Fédération Camerounaise de Football
TOMBI A ROKO SIDIKI : « La CCA n’a rien à voir avec les contentieux électoraux »

Depuis Ndola en Zambie, où il séjourne à l’occasion de la Can juniors, le président de la FECAFOOT a réagi par rapport à la sentence du Tas du 27 février dernier.

Quel est votre sentiment à la suite de la récente décision du TAS ?

La décision du TAS est une très bonne décision qui est largement en notre faveur. Quand le TAS demande que la partie adverse revienne au Cameroun se plier aux juridictions internes, ça voudrait dire je pense bien que le TAS reconnait que ce n’est pas à lui de venir faire exécuter une décision de la CCA au Cameroun et à partir de là, nous à la Fédération nous n’avons jamais fait appel de cette décision de la CCA pour la simple et unique raison que la CCA n’a rien avoir avec les contentieux électoraux. Le collaborateur chargé du juridique du Ministre des Sports s’est surabondamment exprimé sur cette question et quand le TAS demande donc de revenir aux juridictions camerounaises, ça nous renvoie à ce qu’on a dit il y a plus d’un an à savoir que nous ne reconnaissons pas cette décision vu que la CCA n’a pas compétence à juger des litiges électoraux.

Vous sentez vous perturber dans votre travail par cette affaire ?
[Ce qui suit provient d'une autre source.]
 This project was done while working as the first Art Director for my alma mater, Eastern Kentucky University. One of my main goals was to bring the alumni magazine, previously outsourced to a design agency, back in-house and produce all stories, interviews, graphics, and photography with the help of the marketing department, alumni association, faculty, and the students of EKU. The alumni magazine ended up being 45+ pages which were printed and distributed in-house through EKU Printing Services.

C’est vrai que ces derniers mois ceux qui ne veulent pas que le Cameroun avancent ont posé des actes de manière à nous perturber mais nous n’avons jamais douté dans cette histoire même le Président du CNOSC s’est exprimé en disant que c’était un problème de disposition dans un alinéa d’un article et ça ne saurait engendrer l’annulation de tout un processus électoral qui coute excessivement cher et il faut bien qu’on comprenne que reprendre les élections aujourd’hui est synonyme de déstabilisation, engendrer d’énormes moyens financiers que la Fédération n’a pas d’ailleurs. Vous avez vu ce que ça a couté 25 mois de normalisation, avec des élections annulées qui recommençaient. Donc à partir de là il faudrait bien que certains camerounais aient pitié du Cameroun qui n’a pas besoin de ça actuellement. Les prochaines élections auront lieu dans deux ans et demi et le collège électoral est connu. Donc ils peuvent dès maintenant commencer à contacter les électeurs et se mettre au travail que de faire les tours en Suisse.
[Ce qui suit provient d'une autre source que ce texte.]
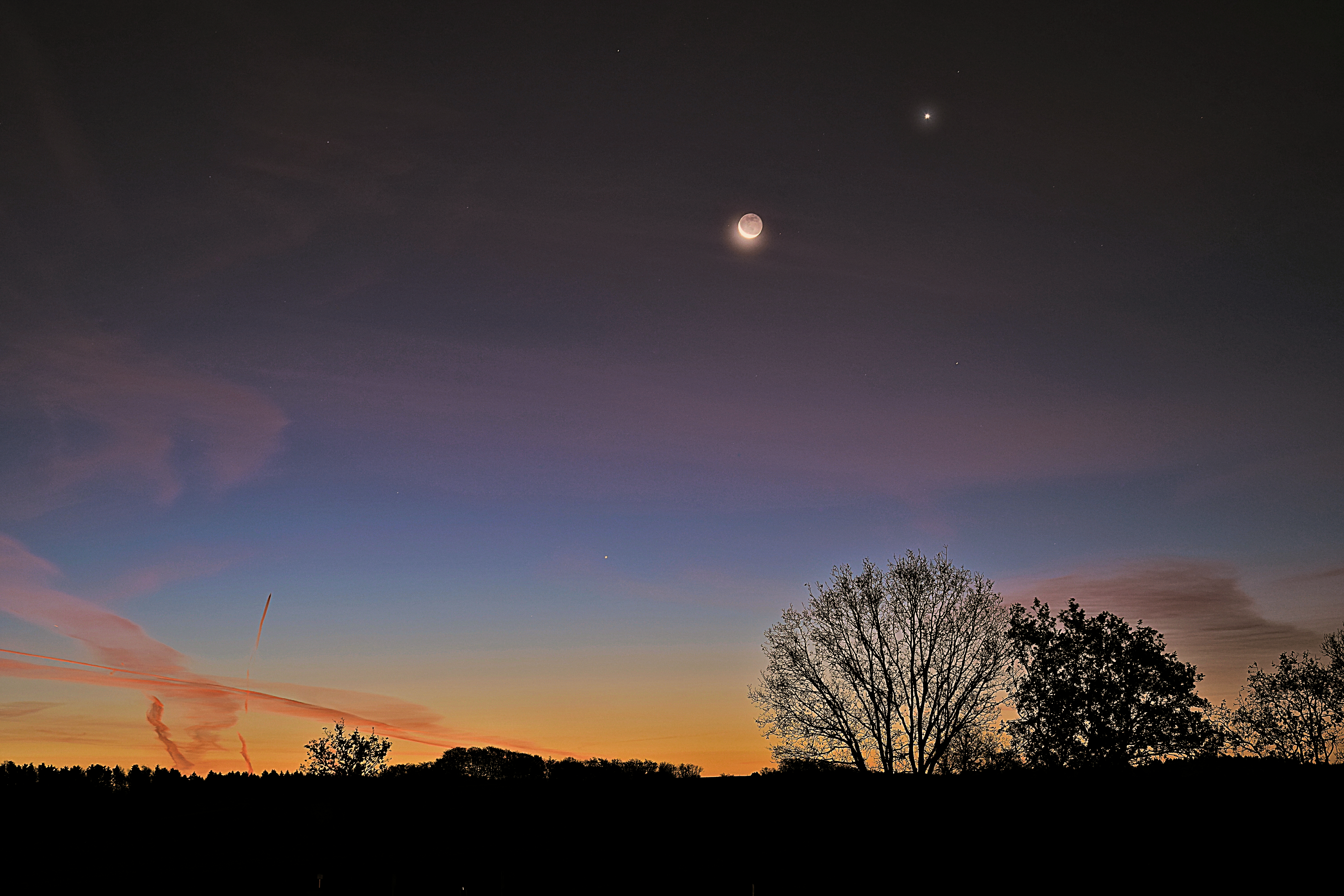 In der leicht frostigen Morgendämmerung konnte über dem Märkischen Sauerland ein schönes Himmelsschauspiel beobachtet werden. Die hohen Eiswolken zauberten im aufgehenden Sonnenlicht ein buntes Farbspektakel an den Himmel. Dazwischen konnten sich neben der schmalen Mondsichel noch die hellen Lichtpunkte von Venus und Spika behaupten. Etwas knifflig wurde es mit der Sichtbarkeit des flinken Merkur, der hier auf der Horizontlinie zwischen dem aufsteigenden Flugzeug und der Baumkrone auszumachen ist.

Cette sentence tombe au moment où vous participez à la Can juniors avec les Lionceaux…

Rendu à aujourd’hui nous nous occupons de l’intérêt du Cameroun, de son image et de la performance de nos équipes nationales toutes catégories confondues et c’est ce qui justifie notre présence ici en Zambie et vous pouvez être rassuré que cette décision ne nous perturbe pas, elle nous encourage plutôt à pousser les enfants à se surpasser pour revenir de la Zambie avec une qualification pour la Coupe du monde des U20. Quand vous avez un plan de développement, un plan de management, vous devez avoir la veine dans tout ce que vous faites et la veine c’est Dieu qui la donne, et je profite de l’opportunité pour lui dire merci car sans lui nous n’aurions rien eu et c’est pour ça que je demande d’avantage qu’on se mette en prière pour notre pays qui en a tant besoin. Je dis continuons à prier pour notre pays, parce qu’il a besoin de ça, c’est-à-dire des femmes qui vont à la Can, qui arrivent en finale et qui montrent un très bon visage du football camerounais. Les hommes qui vont à la Can 2017 au Gabon et qui remportent le trophée. Voilà les U17 qui se qualifient pour la Can de leur catégorie ; Les A’ qui se qualifient pour le Chan au Rwanda. Pour avoir des résultats comme on les observe actuellement il faut travailler dur et prier pour que le Seigneur mette la main car lui-même a dit tu mangeras à la sueur de ton front.